Using neural networks to improve reinforcement learners (paper)
Cooperative multi-agent reinforcement learning (slides on Utility; papers)
Learning from massive amounts of data: Data mining (papers)
Bioinformatics, biomedicine, and the role of machine learning (papers)
Computational scientific discovery (papers)
Cataloguing the stars and galaxies (papers)
Evolving artificial brains (papers)
Self-improving robot soccer teams (papers)
A cognitive model of human learning (papers)
"Safe" learning (papers)
Midterm exam, date TBD, during class. Will cover the basics of machine learning from the lectures and the homeworks. There will be no final exam, only a midterm.

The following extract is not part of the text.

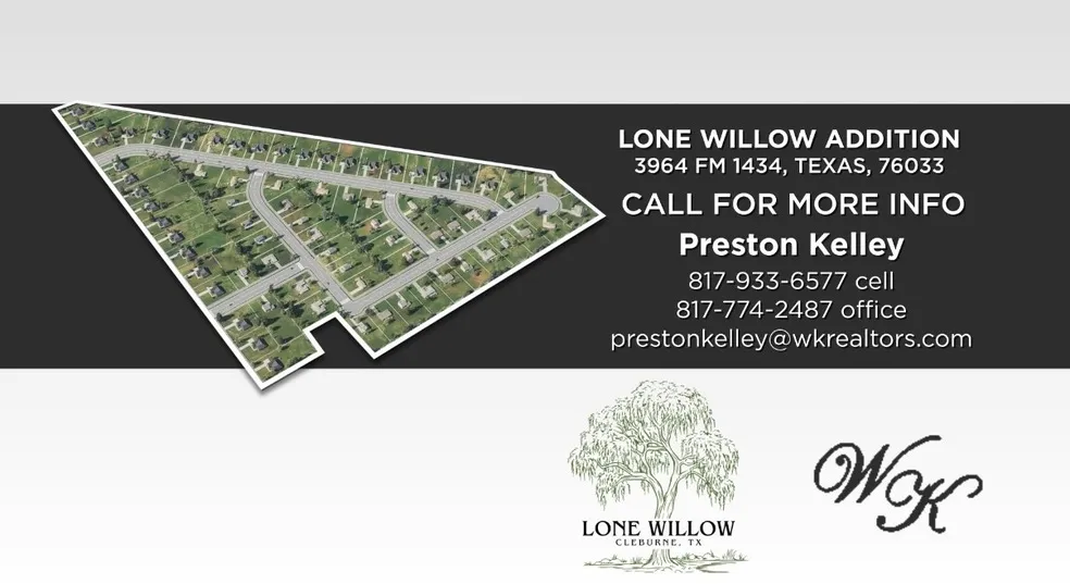 Welcome to Lone Willow Addition - Your Perfect Escape Near Cleburne Lake! Nestled on the picturesque west side of Cleburne Lake, Lone Willow offers the perfect blend of peaceful country living with easy access to city conveniences. Located just six miles from Cleburne and only ten miles from the Chisholm Trail Toll Road, this prime development provides quick connections to Highway 67, making your commute a breeze! Situated outside city limits yet within Cleburne's Extraterritorial Jurisdiction (ETJ), Lone Willow gives you the flexibility of rural living with the potential for future growth. Each homesite in Phase 1 has already been equipped with water taps by Johnson County Special Utility District (JCSUD), ensuring a seamless connection to start to your dream home build. For modern conveniences, United Cooperative Services is powering this development with electric service as well as fiber-optic high-speed internet, keeping you connected while enjoying the beauty of the Texas countryside. Whether you're looking to build your forever home or invest in a growing community, Lone Willow is the perfect place to put down roots. Don't miss out on this incredible opportunity! Contact us today for more details and to secure your spot in this stunning new development!The seller's are willing to offer concessions to assist with the buyer's closing cost and or buying the interest rate down, making this an excellent opportunity to secure your dream home with added financial flexibility. Interest rate as low as 4.99 percent with qualified buyer!

The various required work in this class will be counted towards your final grade as follows:
Homework - 25%
Midterm Exam - 25%
Class Participation - 20%
Semi-Term Project - 30%
Grading will be on a curve. The professor reserves the right to alter the grading scheme or to take extenuating circumstances into account when assigning grades. Discussion of the course material among students is encouraged, although students are expected to write up their own assignments and programs, unless it is a team project. Copying code, homework solutions, or exam material from any source at all (unless explicitly permitted by the instructor) will most likely result in failing the course. Academic dishonesty will be treated in accordance with the strictest university standards. Students are urged to read University regulation 803, section 3 defines academic dishonesty.